Functional MRI and AIR

For their MRI study, Cohen and his colleagues used a conventional MRI machine, like those that became available in many hospitals during the 80s, a big advantage since the research can be accomplished without major new investment in technology. Functional MRI works on the principle that when brain cells (neurons) become active, blood flows to them, and the MRI scanner registers increased oxygen in the area. Because MRI machines used in this way detect changes resulting from biological function, the method got its name.

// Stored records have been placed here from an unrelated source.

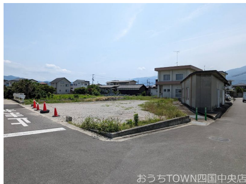
おうちTOWN四国中央店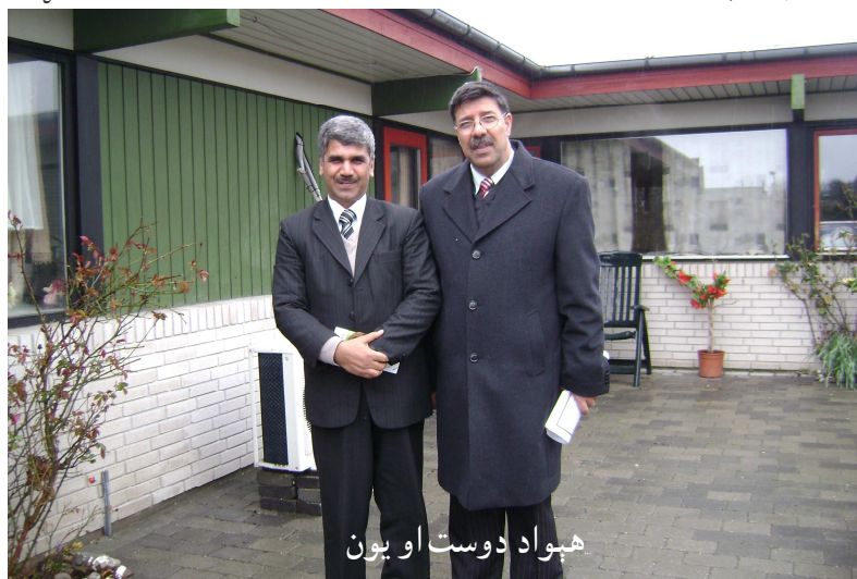
هېواد دوست او یون

رسېدو سره سم خوب لاندې کړو، لس لس نیمې بجې به وي، چې هر یو په خپل نوبت سره له تشنابونو راووت، ځانونه مو تیار کړل،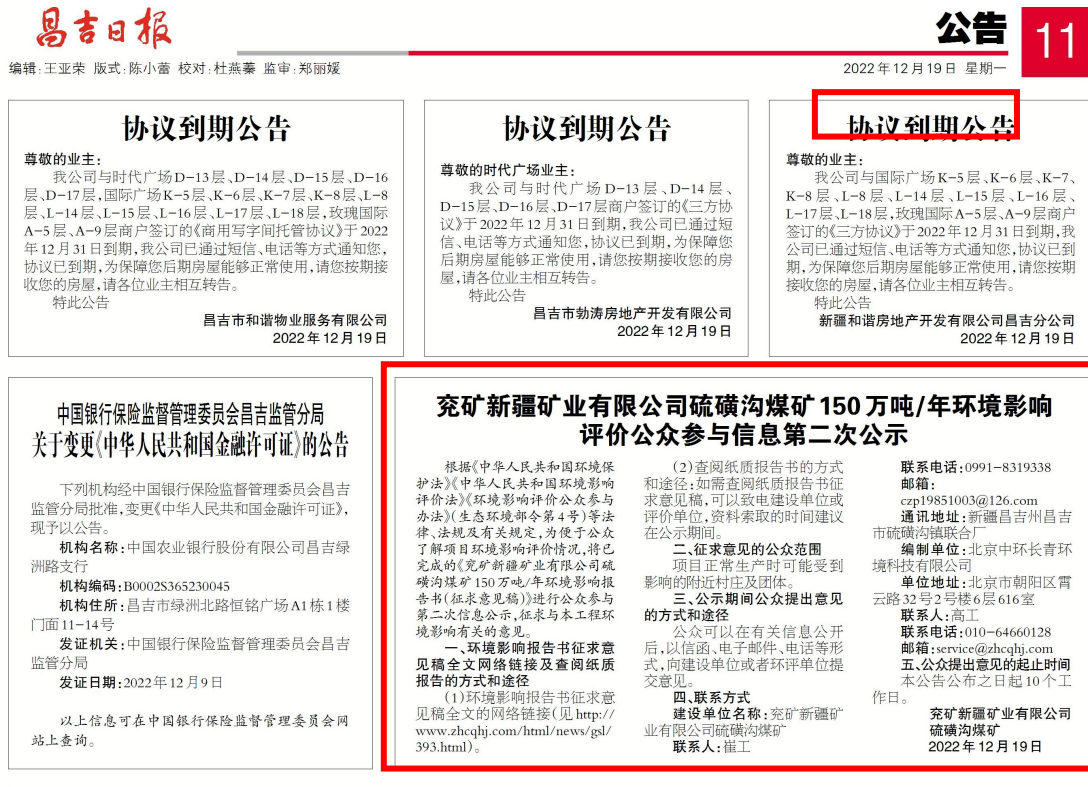
图 3.2-2 项目第一次登报公示截图

在征求意见稿网络公示的同时，在昌吉日报进行了两次登报公示，昌吉日报是项目所在区覆盖面较大的一张报纸，选择该报纸符合《办法》中规定要求。两次登报公示日期分别为 2022 年 12 月 19 日和 12 月 23 日，第一次登报公示截图见图 3.2-2，第二次登报公示截图见图 3.2-3。

The technique generates large amounts of data quickly -- a great advantage, says Cohen, and a problem. "It gives a lot of information to work with, but likewise it's a tremendous amount of data to process -- as much as half a gigabyte per experiment." To deal with the data overload, Cohen and his colleagues last fall turned to the Pittsburgh Supercomputing Center's Alpha Cluster, a linked network of 14 DEC Alpha workstations. They used the cluster to address a particular problem of their functional MRI experiments. A human subject stays in the machine for two to three hours as the MRI scanner records data. Though special pillows are used to reduce movement, it's impossible to keep the head perfectly still. Software called automatic image registration (AIR), developed by Roger Wood of UCLA, can correct for head movement, but the sheer number of images -- typically 1,200 per experiment -- creates an imposing demand on computing.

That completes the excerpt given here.